Based on a 2027 time frame, mid-term guidance has been set with the group targeting a "step change" in performance. By this point, Rolls Royce expects to deliver an annual operating profit of £2.5-2.8bn, at an operating margin of 13-15%. Free cash flow is expected to be in the £2.8-£3.1bn range.

Mid-term operating margin targets have also been set across its major divisions. Civil Aerospace is set to see the biggest improvement, moving from 2.5% in 2022 to 15-17%. Defence and Power Systems margins are set to improve to ranges of 14-16% and 12-14% respectively.

Over the next five years, the group plans to sell around £1.0-1.5bn of its assets and re-allocate the funds to areas of the business where it thinks it can generate more value.

The shares rose 4.2% following the announcement.

View the latest Rolls-Royce share price and how to deal

Our view

Rolls Royce has announced its medium-term targets to the market, with sights firmly set on a step-change uplift in performance. We think these targets look achievable, with the potential to outperform some of them if it can nail its execution, especially in the Civil Aerospace division.

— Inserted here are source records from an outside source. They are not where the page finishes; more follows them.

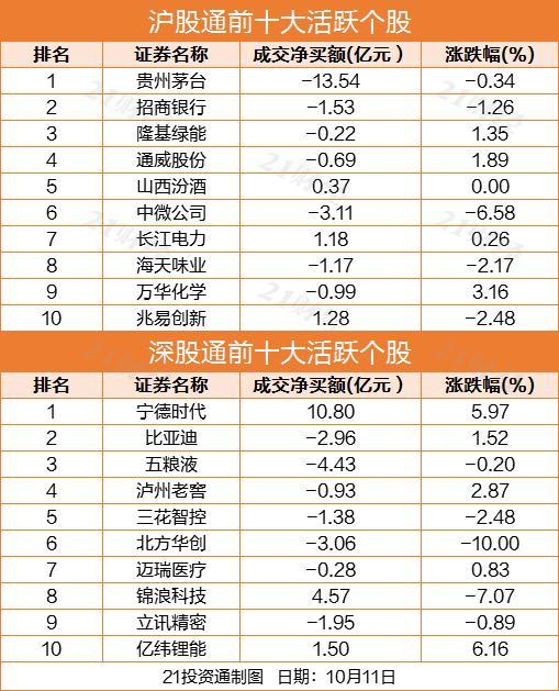 个股方面,贵州茅台(600519.SH)、五粮液(000858.SZ)、中微公司(688012.SH)分别获北向资金净卖出13.54亿元、4.43亿元、3.11亿元。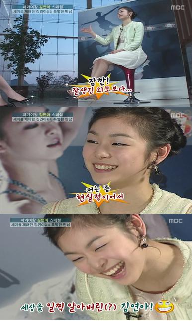 이어 MC들은 김연아에게 “마린보이 박태환은 어떠냐”며 현실속 이상형을 물었고 김연아는 “잘생기고 그런 건 중요하지 않다. 나는 좀 현실적”이라며 웃음을 선사했다.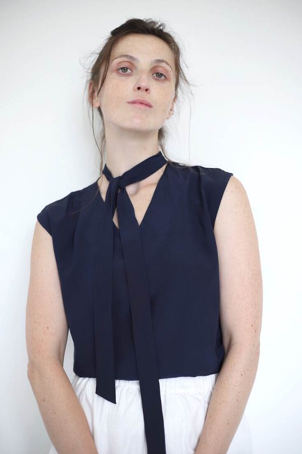 Skład: 80% jedwab, 17% poliamid, 3% lycra. Modelka nosi rozmiar S.Szerokość w ramionach 35 cm
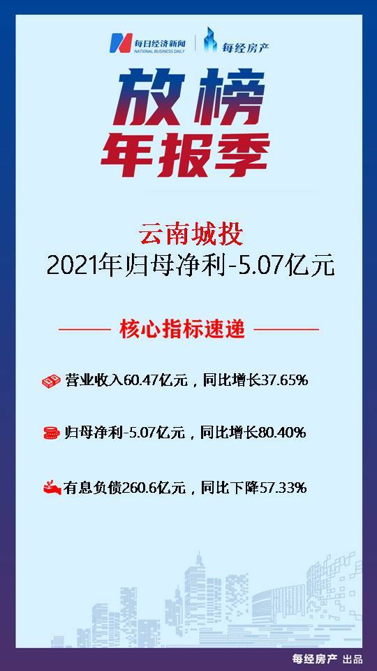 每日经济新闻2022-04-25 22:40:10 每经记者 陈利 每经编辑 魏文艺 今日(4月25日)晚间,云南城投置业股份有限公司(*ST云城,600239.SH)发布2021年度业绩报告。 报告期内,*ST云城实现营业收入60.47亿元,同比增长37.65%;归属股东净亏损5.0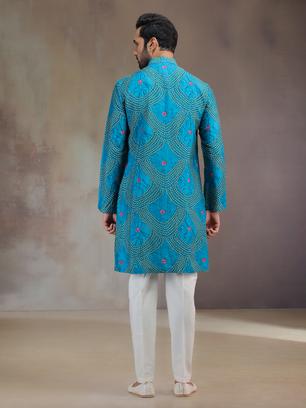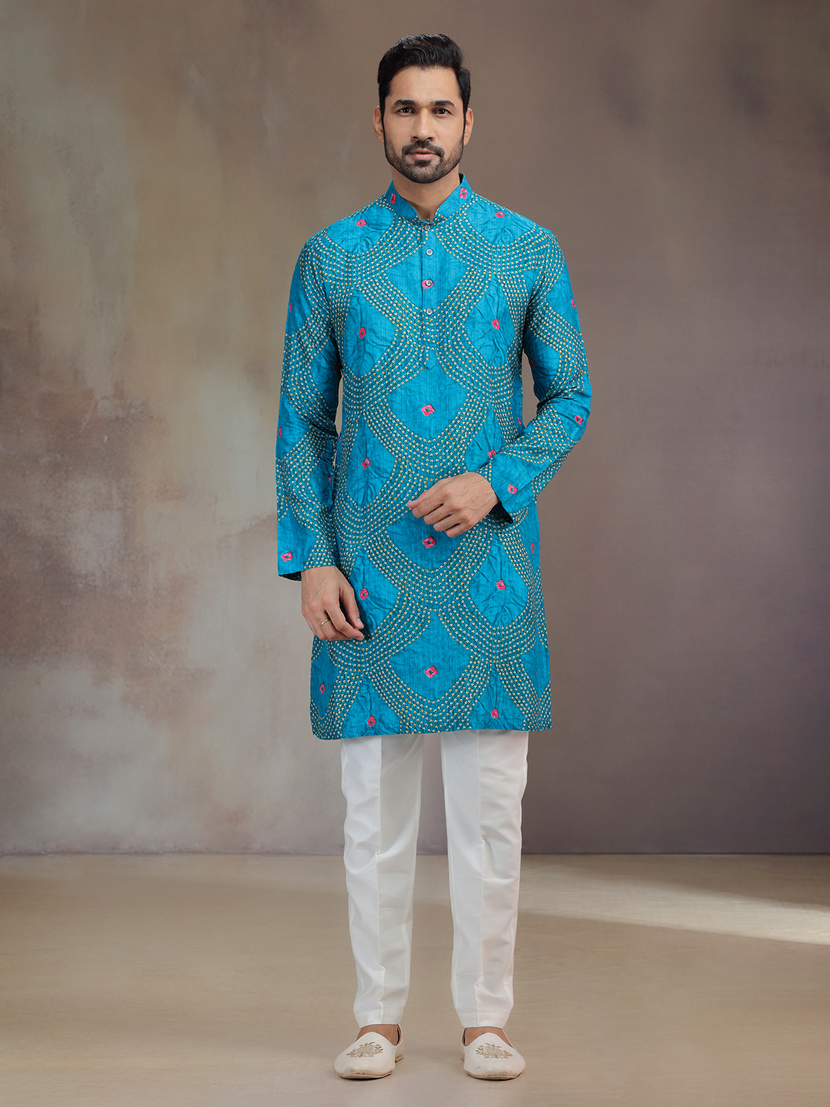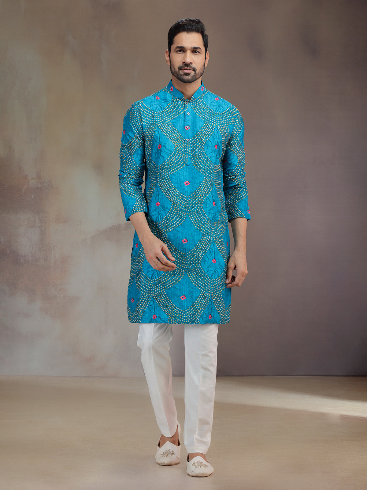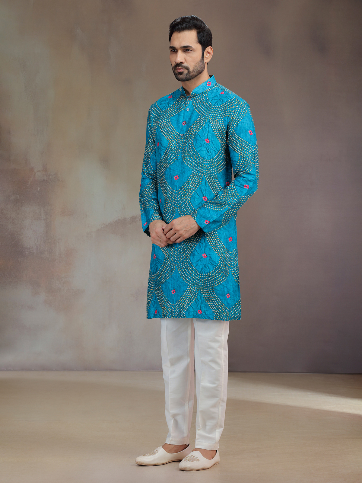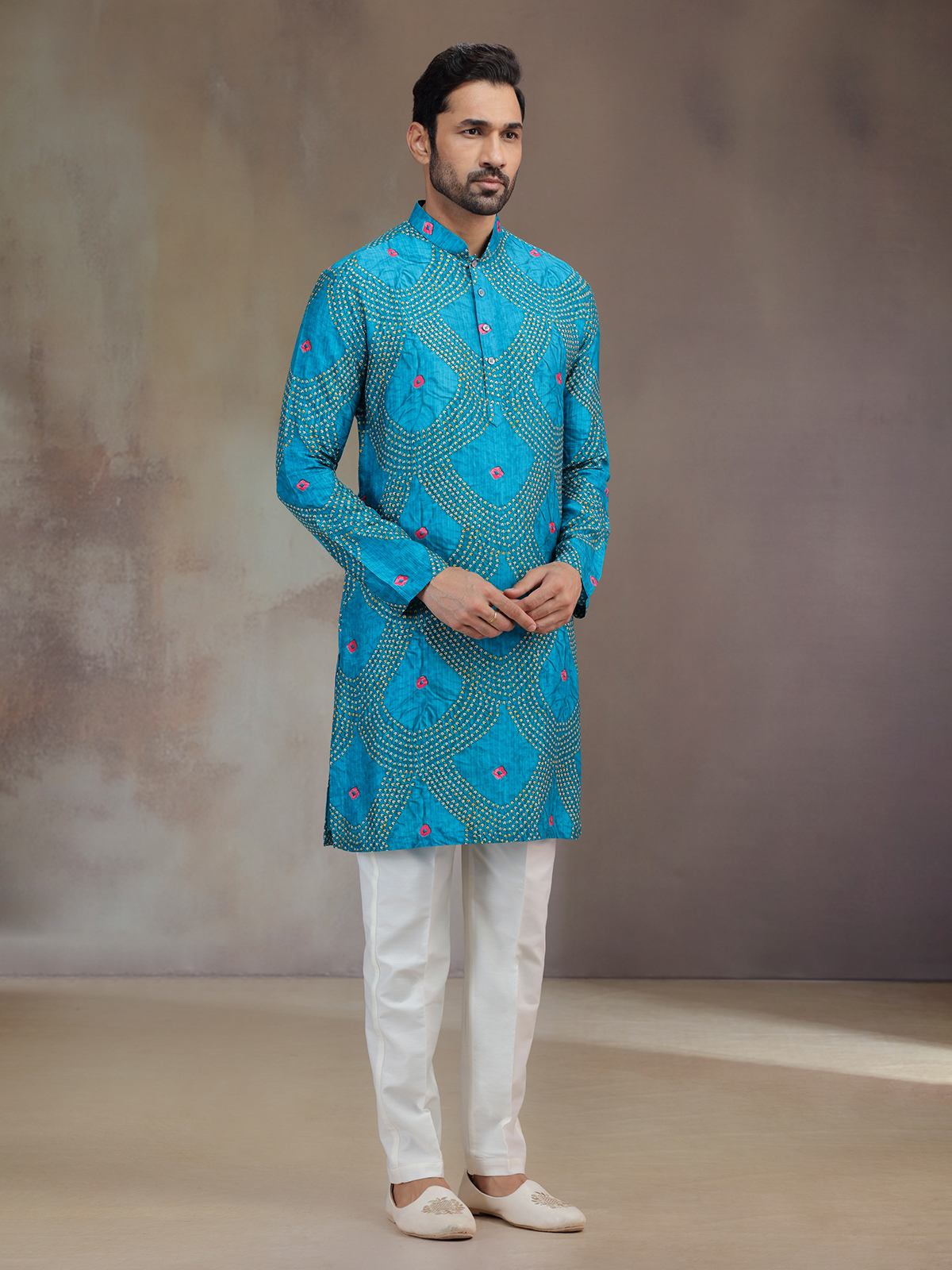 Majestic and graceful, this blue silk printed kurta pajama presents subtle artistry. Its detailed work frames the mandarin collar and full sleeves. Paired with coordinating pants, it becomes an outfit for cultural celebrations that resonate with elegance and tradition.
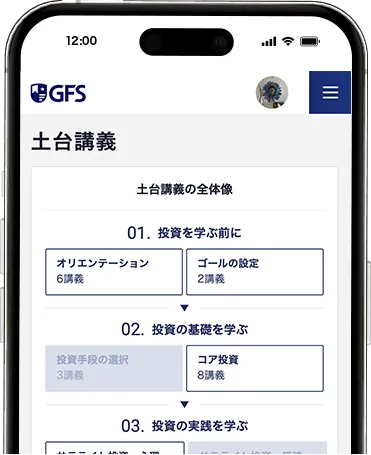 GFSでは、投資で成果を出すために大きく2段階の講義を用意しています。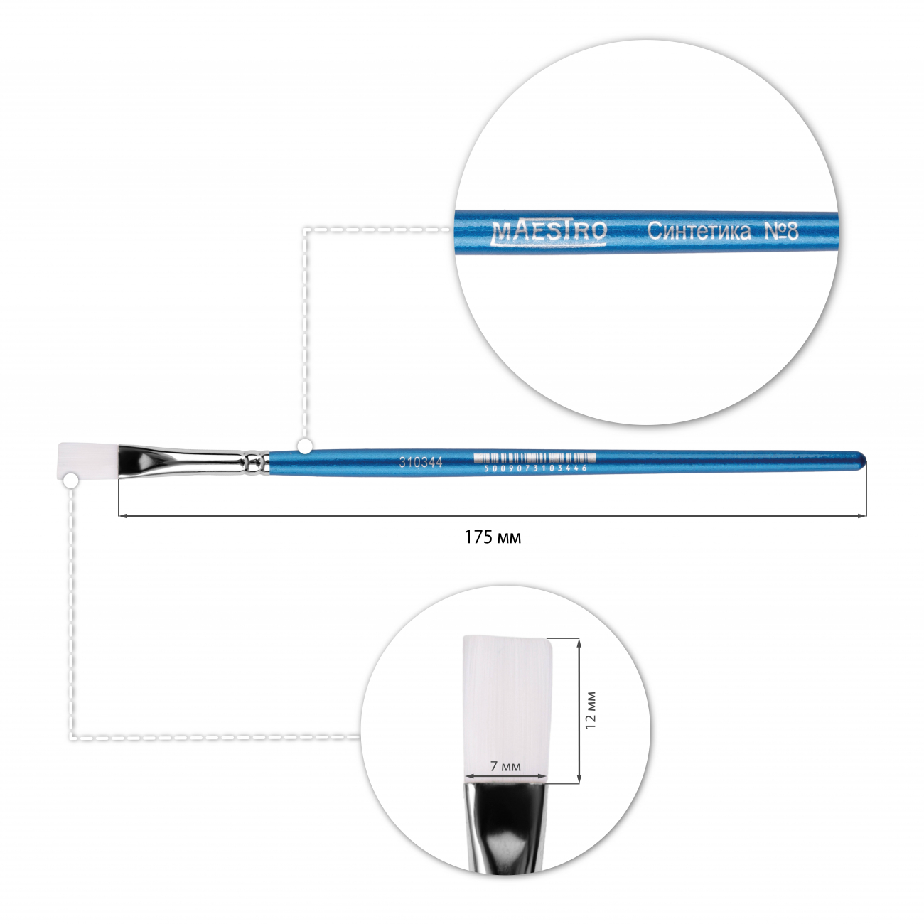 Пензель художній «Maestro» синтетика, плоский №8, 18см – це надійний інструмент для художньої творчості, ідеальний для нанесення широких мазків та рівномірного покриття великих поверхонь.Він призначений для роботи з олійними, акриловими та темперними фарбами. Плоска форма пензля дозволяє швидко та рівномірно заповнювати площини, створюючи гладкі та насичені кольори. Синтетичний ворс добре утримує фарбу та забезпечує рівномірний розподіл на полотні.Перевага пензля – у його зручності та довговічності: дерев’яна ручка приємна в руці, алюмінієва гільза надійно тримає ворс, а синтетичний матеріал зберігає форму навіть після багаторазового використання. Для тривалого служіння рекомендується промивати пензель теплою водою після роботи та зберігати ворсом догори.

Rolls Royce produces aeroplane engines for larger, long-haul planes. A huge amount of its revenue comes from servicing those engines, with business based on how many hours those engines spend in the air.

So it was encouraging to hear so-called engine flying hours (EFH) grow to 86% of 2019 levels. EFH isn't expected to return to pre-pandemic heights until the end of 2024, and until that happens, there's a ceiling to how high Rolls Royce can fly.

Disposals and a huge restructuring effort have lightened the load of recent financial scars, and the transformation programme's showing early signs of success too - driving productivity improvements across the group's major divisions. More disposals are on the cards, with Electrical division likely first on the chopping block as the group looks to free up cash for other parts of the business.

Free cash flow jumped up to £356m at the half-year mark - seven times higher than markets had originally been expecting. That comes despite Rolls spending more cash building up its inventory levels to cope with the additional activity and constraints in supply chains.

Now it's back in positive free cash flow territory, Rolls has made good headway in pushing debt lower. But last we heard the group was still sporting a negative equity position - meaning liabilities outweigh assets - so we're sceptical about seeing any kind of dividend this year. Longer term, if cash flows keep improving then there could be scope to put dividends back on the table, but as always there are no guarantees.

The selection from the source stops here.